CENGİZHAN’IN YÖNETMENİ HOLLYWOOD YOLUNDA

Sovyetlerden sonra pek çok yönetmen şansını Hollywood’da denemek için girişimlerde bulundu. Rusya’da önemli başarılar yakalayan yönetmenler, bu başarıların rüzgârıyla Amerikalı yapımcıları ikna etmenin yarışına girdiler. Büyük etki yapan “Cengizhan” filminin yönetmeni Sergey Bodrov da bunlardan biriydi. 1984’de Rusya’nın en uzak ucu olan Çin sınırındaki Khabarovsk’ta doğan yönetmen 1974’te Moskova’da sinema okulundan mezun olmuştu. 1980’li yılların ikinci yarısından itibaren uzun metraj filmler çekmeye başladı. İlk ses getiren filmi 1996 yapımı “Kavkazskiy Plennik”ti (Kafkas Mahkumu). 90’ların ilk yıllarında Kafkaslarda yaşanan savaş ortamında Rus askeri birliği yerel milisler tarafından pusuya düşürülür. Askerlerden biri, köylü bir adam tarafından takasla karakolda tutulan oğluna karşı rehin alınır. Farklı kültürlerin karşılaşmasını oldukça gergin bir sosyal zemin üstünden yansıtan yönetmen, başarılı bir film ortaya koymuştu. Sürpriz finali de filmi unutulmaz hale getiriyordu. Bodrov’un uluslararası başarı kazanmasını sağlayan projesi ise “Mongol” (Cengizhan) filmi oldu. 2007 yapımı Mongol (Cengizhan), başarılı bir görsellik ve hikâye sunumuyla unutulmaz bir karakter olan Moğol hükümdarı Cengizhan’ı sinemaya taşımıştı. Rusya’da ve ülke dışında önemli bir izleyici kitlesine ulaşan film, birçok festivalde de ödüller aldı. Daha sonra kariyerine Hollywood’da devam eden yönetmen, 2014’te fantastik bir uyarlama olan “Son Oğul” filmini yönetti. Efsanelerin, doğaüstü güçleri olanların birbirleriyle dünyaya hâkim olmak için mücadele ettikleri bir evreni resmeden film, benzerlerinin gölgesinde kalarak beklenilen etkiyi yapamadı. Bodrov, Hollywood yoluna düşse de “Cengizhan”ın başarısını yakalayabilecek bir film yapamadı. Kendi Moğol kökenlerinden hareketle çektiği film, hâlâ onun en önemli filmi.

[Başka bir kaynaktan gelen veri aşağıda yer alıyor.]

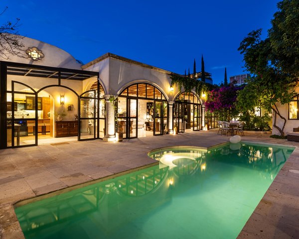 Discover this stunning completely renovated home in the heart of San Antonio, perfectly positioned on the highly sought-after Avenida Allende. This exceptional property offers the rare luxury of single-level living with an easy flat walk to both Parque Juárez and the iconic Jardín Principal, placing you at the center of San Miguel de Allende's vibrant cultural life. Upon entering the property, you first arrive in a beautifully curated reception area, from here you walk through a lovely corridor adorned with beautiful bougainvillea. You will then encounter stunning antique wooden doors before entering the main property, creating a sense of anticipation and grandeur from the very first steps. Every detail of this remarkable hacienda-style residence was thoughtfully updated in 2024, creating a perfect blend of colonial/Spanish charm with Moorish design elements and modern luxury. The home features a dream kitchen designed for both daily living and grand entertaining, flowing seamlessly into an expansive dining and living room that is flooded with natural light throughout the day. Behind the living room, you will discover an outstanding Jardin d'hiver that adds another dimension of indoor-outdoor living to this remarkable space. The open floor plan perfectly captures the relaxed elegance of the San Miguel lifestyle. The main residence offers three generously sized ensuite bedrooms, each a private sanctuary with its own beautifully appointed bathroom featuring a shower, with two of the bathrooms also boasting beautifully handmade travertine bathtubs for ultimate relaxation. Every bedroom is enhanced by an individual gas fireplace showcasing stunning hand carved cantera stonework, while air conditioning ensures year-round comfort during San Miguel's warmest months. Adding to the property's versatility is a completely independent guest casita, thoughtfully designed on ground level to match the main home's single-story convenience. This charming space features a fully equipped kitchen allowing guests complete autonomy, a large living and dining area that also serves as a comfortable TV room perfect for extended stays, and a private bedroom with air conditioning. The casita's luxurious spa bathroom provides the ultimate in guest comfort and privacy. The crown jewel of this extraordinary property is its beautifully designed outdoor entertaining space, offering a private oasis away from the city's hustle and bustle while remaining steps from San Miguel's main attractions. The large swimming pool is surrounded by relaxing daybeds and is complemented by a soothing water feature that provides gentle ambient sound throughout the space. Mature trees provide natural shade and beauty, creating a serene backdrop for relaxation and entertainment. The outdoor living experience is elevated by a fully equipped outdoor kitchen perfect for al fresco dining, a spacious seating area for intimate gatherings, and an impressive large cantera dining table that serves as the centerpiece for memorable dinner parties under the stars. A convenient powder room ensures guests' comfort during outdoor entertaining. Practical amenities include a separate laundry room, additional storage, and a covered garage for one vehicle. The entire property benefits from single-level, ground-floor living with no stairs, making it accessible and comfortable for residents of all ages. This extraordinary property represents the pinnacle of San Miguel living, combining the unparalleled convenience of a central location on prestigious Avenida Allende with the luxury of expansive private outdoor space, all wrapped in beautifully renovated hacienda-style colonial/Spanish architecture with distinctive Moorish influences. The home comes fully furnished with the exclusion of art objects and books, allowing new owners to move in seamlessly and begin enjoying the San Miguel lifestyle immediately.
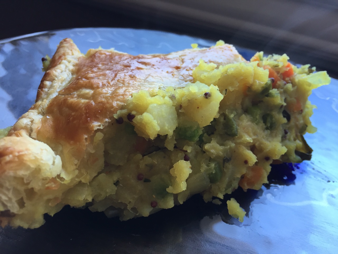 We followed this recipe from The Vegetarian Times, with significant modifications: http://christinehennessey.blogspot.com/2009/12/indian-samosa-casserole.html?m=1. First, we added ½ tsp each turmeric and paprika, ½ chopped jalapeño pepper, 1 Tbsp chopped fresh cilantro, and 8 curry leaves to the filling. We also used chicken broth instead of vegetable broth and sugar instead of agave nectar. We tasted the filling before assembling the casserole and added more salt (about 1 tsp). For the topping, we used a single sheet of puff pastry instead of pie crust. In doing so, we followed the puff pastry baking instructions for Foodess’s Samosa Pie, available here: http://foodess.com/recipes/samosa-pie/ We baked the casserole at 400 degrees until the crust was nicely browned (25-30 mins). (Jan. 2016)
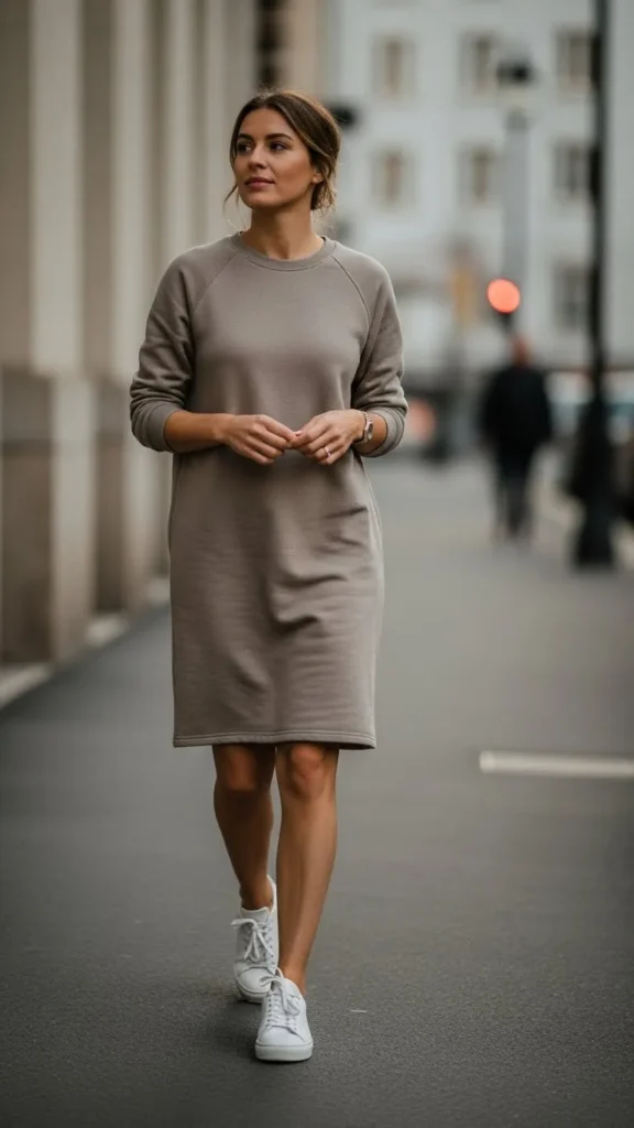 A sweatshirt dress feels like loungewear but looks styled. Pair it with clean sneakers and crew socks for an easy everyday outfit.
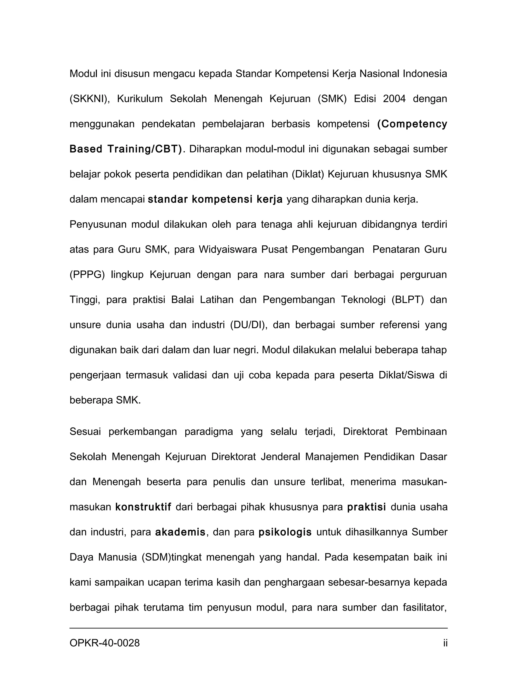 2. Modul disusun berdasarkan Standar Kompetensi Kerja Nasional Indonesia untuk memenuhi tuntutan dunia kerja
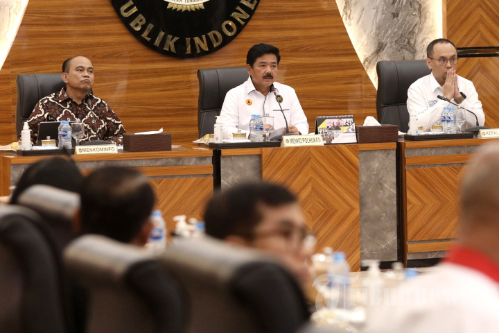 Menteri Koordinator Bidang Politik, Hukum dan Keamanan (Menko Polhukam) Hadi Tjahjanto (tengah) bersama Menteri Komunikasi dan Informatika (Menkokinfo) Budi Arie Setiadi (kiri) dan Kepala PPATK Van Yustiavandana (kanan) mengikuti rapat Satuan Tugas Pemberantasan Judi Online di Kantor Kemenko Polhukam, Jakarta, Rabu (19/6/2024). Rapat tersebut merupakan rapat perdana Satgas Pemberantasan Judi Online setelah dibentuk oleh Presiden Joko Widodo melalui Keputusan Presiden (Keppres) Nomor 21 Tahun 2004 untuk mendukung percepatan pemberantasan perjudian online secara terpadu. TRIBUNNEWS/IRWAN RISMAWAN
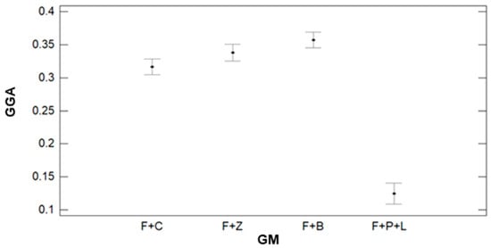Regarding the effect of GM on the variability of GGA, data is presented in Figure 21. This data is similar to the results found for the GA index. Despite GA, the multiple range tests identified four groups; in this case, only three groups are identified. The first group, characterised by the lowest GGA values, is composed of F+P+L. The average GGA value for this group is 0.12. The second group is formed by F+C, with an average GGA value of 0.32. Lastly, F+Z and F+B compose the last group, with average values of 0.34 and 0.36.

TİCARİ SİNEMANIN KAZAK YÖNETMENİ TİMUR BEKMAMBETOV

Kazakistanlı, Rusya’da film çekerek sinemaya adım adan Bekmambetov, Rusya’nın dünyada karşılık bulan en önemli ticari yönetmeni sayılabilir. Onun ilk dönem filmleri fantastik Rus romanlarından uyarlamalardı. Sergey Lukyanenko’nun ‘Gece Nöbeti’ ve ‘Günüz Nöbeti’ romanlarını sırasıyla 2004 ve 2006’da başarılı fantastik aksiyon filmlerine uyarladı. Filmler, Amerikalı yapımcıların da ilgisini çekti. Hakları satın alındı. 2008’de Amerikalı yapımcıların desteği ile çektiği çizgi roman uyarlaması “Wanted”, Angelina Jolie, Morgan Freemanlı kadrosuyla başarılı bir aksiyon filmiydi. 2010’da “Abraham Lincoln: Vampir Avcısı” ve 2016’da “Ben-Hur”un yeniden uyarlamasını Hollywood’da çeken yönetmen, sanat kaygısı taşımadan, aksiyon, fantastik hikayeler, çizgi romanlar, bilgisayar oyunları gibi yeni çağın popüler enstrümanlarını kullanarak Rusya’da yaşamasına rağmen Amerika sinema piyasasıyla ilişkilerini sürekli canlı tutarak Rus coğrafyasını yegâne başarılı Hollywood eksenli yönetmeni olarak görülebilir.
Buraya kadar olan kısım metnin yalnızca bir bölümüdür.